Opinion

Saturday 20 October 2018

Make or break for sideline stalwarts

Hold The Back Page

Malachy O’Rourke and Mickey Harte have both had to regroup after setbacks earlier this summer and today their teams go head-to-head, with a place in the All-Ireland final on the line. Photo: Sportsfile
Malachy O’Rourke and Mickey Harte have both had to regroup after setbacks earlier this summer and today their teams go head-to-head, with a place in the All-Ireland final on the line. Photo: Sportsfile

Eamonn Sweeney

One way of looking at today's semi-final between Tyrone and Monaghan is as a play-off for Gaelic football's Manager of the Year title. To get this far, both Mickey Harte and Malachy O'Rourke have had to recover from morale-sapping defeats, overcome the odds away from home in the Super 8, defy harsh criticism which questioned their whole footballing philosophy and make extremely judicious use of the players available to them. Making it to the semis under these circumstances has been a fine achievement. Reaching the final would be a remarkable one.
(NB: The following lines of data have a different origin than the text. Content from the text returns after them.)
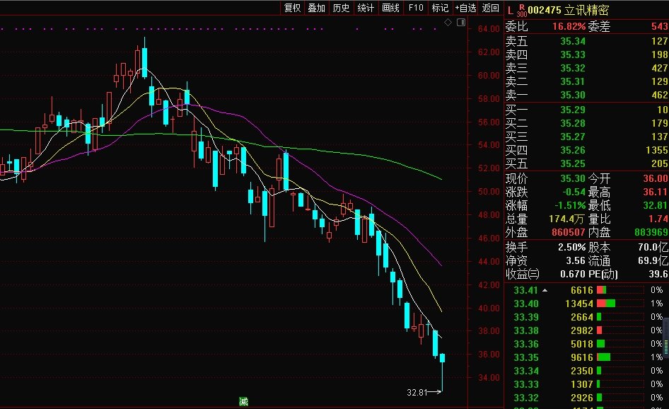 继前一交易日大跌7%后,立讯精密今早开盘继续被疯狂砸盘,盘中一度暴跌8%,股价最低下探至32.81元/股,刷新一年多新低。值得注意的是,1月13日,立讯精密股价创下年内新高,达62.11元/股,市值超过4400亿元,不过在短短两个月后,股价已接近腰斩,市值已不足2500亿元。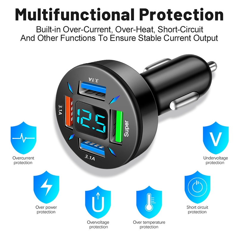 Car Charger LED Display Phone Charger 4USB Ports Digital Display Super Fast Charging Suitable for 12V/24V Cars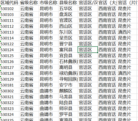 区域代码 省级名称 市级名称 县级名称 官话区/汉语方言区/少数民族方言区 汉语方言(大类) 汉语方言(小类) 汉语方言(细分)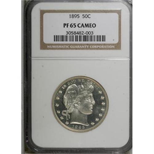 <B>1895 50C PR65 Cameo NGC.</B></I> Except for a darker toning area in the upper shield, this Gem Cameo is color free. Sharply struck, mildly frosted design features stand out against the mirrored fields. Some minor luster grazes on the cheek and neck preclude an even higher grade. Census: 7 in 65 Cameo, 33 finer (9/07).<BR><BR><b>Shipping:</b> Coins & Currency (<a target="_blank" href="http://www.heritageauctions.com/common/shipping.php">view shipping information</a>)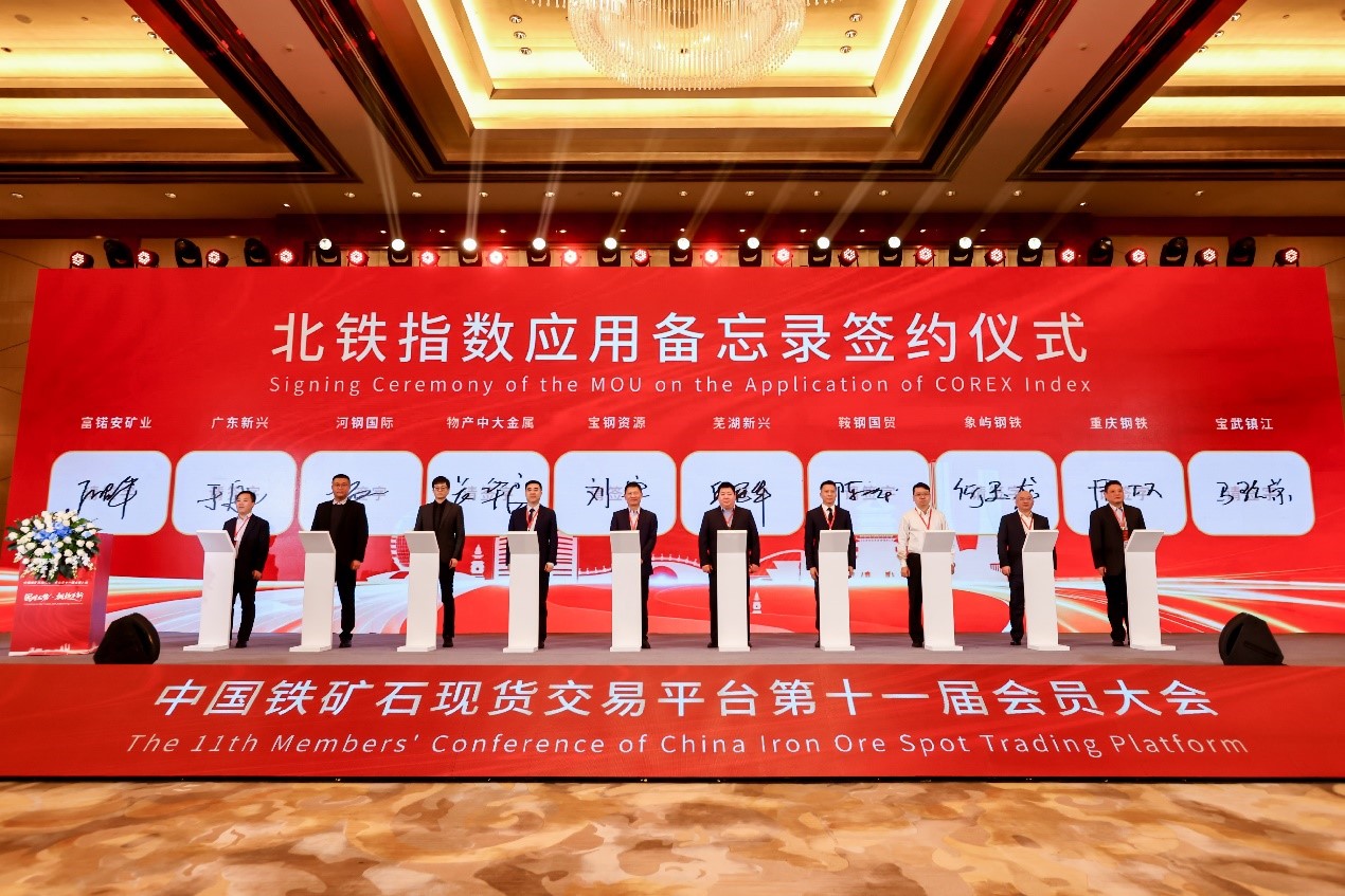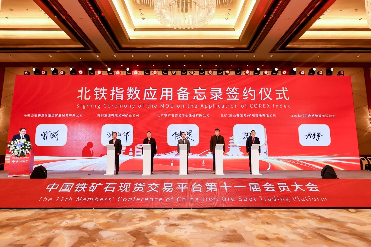 2025年12月18日,在中國鐵礦石現(xiàn)貨交易平臺(tái)(簡稱“平臺(tái)”)第十一屆會(huì)員大會(huì)上,5組、共10家鋼鐵和貿(mào)易企業(yè)簽署備忘錄,逐步在鐵礦石貿(mào)易中采用北京鐵礦石交易中心發(fā)布的港口現(xiàn)貨價(jià)格指數(shù)(以下簡稱“北鐵指數(shù)”)作為結(jié)算依據(jù)。同時(shí),為推動(dòng)指數(shù)在國產(chǎn)礦和混礦交易中的應(yīng)用,會(huì)上北鐵中心和4家國內(nèi)礦石生產(chǎn)企業(yè)及混礦企業(yè)簽署了應(yīng)用備忘錄。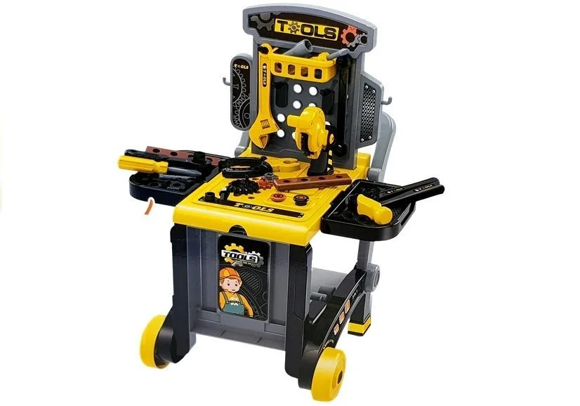 Prezentowany zestaw składa się z dużej konstrukcji stolika z bocznymi półeczkami, na której umieszczone są przeróżne narzędzia i akcesoria. Stolik można łatwo przekształcić na wózek i przewozić swoje narzędzia w różne zakamarki i pomieszczenia.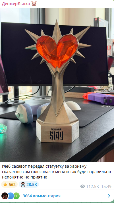 Немного про слей кинга: ПИК1 Одну из статуэток вручала Сасавоту его бывшая - Коря. На сцене также присутствовал Сатир как ведущий, к нему и ушла Коря от него. На прошлом Слее Сасавот Корю довел до слез на афтепати, они уже тогда были разбежавшиеся, но это потом обсасывали как он и она поцапались и как она плакала, это обсуждали конторские у себя на стримах как ниибаца событие - часть пиара оговоренная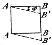 - le changement de forme sans dilatation d'ensemble : cette composante est appelée « distorsion[4] » ou « glissement[5]. »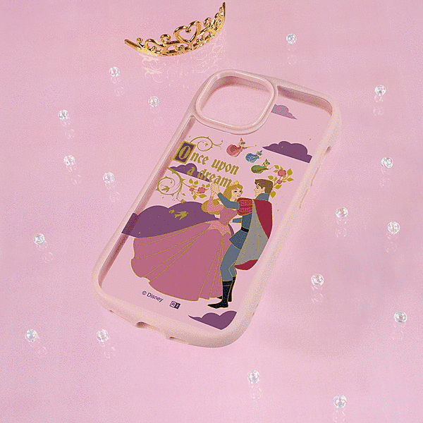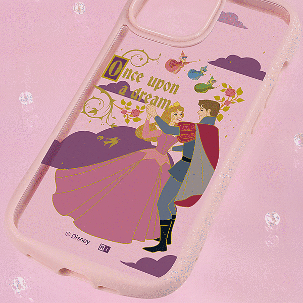 映画「眠れる森の美女」のオーロラ姫とフィリップ王子がダンスしているシーンのアートを使用したデザイン。
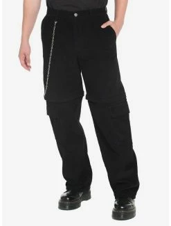 Shorts and pants in one? We’re in! This pair of black corduroy carpenter pants have zip-off legs that transform them into shorts. There are cargo pockets on each leg and a removable chain.

At this stage last year everything looked pretty rosy for Harte. The veteran manager appeared to have finally built a Tyrone side with a chance of emulating his great team of the noughties. They arrived in the semi-final with an average winning margin of almost 12 points per game. Tyrone might not have been fancied to beat Dublin but they were expected to provide the All-Ireland champions with a rigorous examination

Seventy minutes later, it all laid in ruins. Tyrone had been outclassed to an extent not fully reflected in their 12-point margin of defeat. They might have taken some consolation from the post-match consensus that Dublin had just taken Gaelic football to a new level. But the narrowness of Mayo's defeat in the final made Tyrone's performance look shabbier still.